Читать книгу Blink Spoken Here - Christopher Pendergast - Страница 7
ОглавлениеForeword
by Jonathan Eig
I once tried to imagine what Lou Gehrig would have said if he had been healthy enough in 1939 to travel to Cooperstown, New York, for his induction in baseball’s Hall of Fame. I visualized him saying these words that I wrote:
It is a wonderful honor to gain induction today to the Baseball Hall of Fame and to join the pantheon of great athletes and great men who have come before me. This game of baseball has meant everything to me, as it has so many boys. It took me and my family out of poverty. It taught me to be a man. I’m proud that I played hard and that the Yankees won a lot of ballgames and our share of World Series with me at the first sack. I’m proud I hit the ball square and sometimes far. I’m proud that I played fair. I’m proud that I showed my opponents the same respect I showed my own teammates. I’m proud I gave it my all every time I grabbed a bat or slipped on a glove.
But I guess if there’s one thing above all else that I’m proud of, one thing that made me who I am today and got me to the Hall of Fame, it would be this: strength.

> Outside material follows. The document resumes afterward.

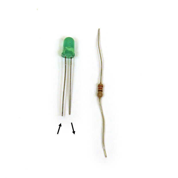 Corriente eléctrica siempre va desde alta tensión a tierra en un circuito. Algunos de los componentes sólo funcionan cuando la corriente pasa a través de ellos en una dirección (e incluso pueden resultar dañados por los cables hacia atrás). Como indican las primeras imágenes, LED debe conectarse para que la corriente fluye del ánodo (el cable más largo) al cátodo (el cable más corto). Resistencias no tienen direccionalidad, esto significa que puede voltear una resistencia de alrededor de un circuito y comporta exactamente igual.
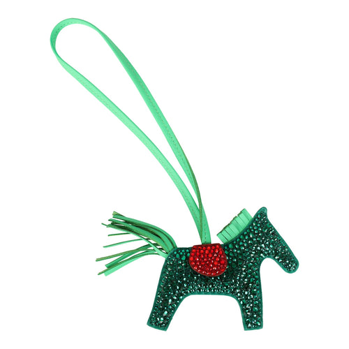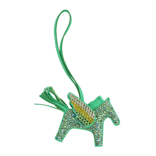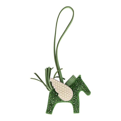 Custom Green Swarovski Crystal Hermès Pegase Rodeo Bag Charm PM Vert Comics Milo Lambskin

Yes, strength. You see, I was a poor kid, a little on the pudgy side. I didn’t have much confidence in myself. My mother loved me so much she didn’t want to ever let me leave the house. I had three siblings who died, and I was her last hope. So I grew up shy and nervous. I never thought I would amount to much. But my father, he taught me the value of exercise, and soon I started packing on muscle. I was the biggest and strongest kid on the block, and then I was the biggest and strongest kid in high school, and after that in college. And I began to believe in myself. To walk into a clubhouse and see Babe Ruth and Bob Meusel and Waite Hoyt wearing Yankee uniforms and welcoming you to the club, boy, you’d better believe in yourself. That’s the first thing I tell kids today when they ask me how to be a ballplayer. I tell them it’s not about how you swing the bat or grip the ball. First thing you have to do is believe. Second thing you have to do is work hard. If you do those things, even if you don’t amount to much of a ballplayer, you’re going to be OK.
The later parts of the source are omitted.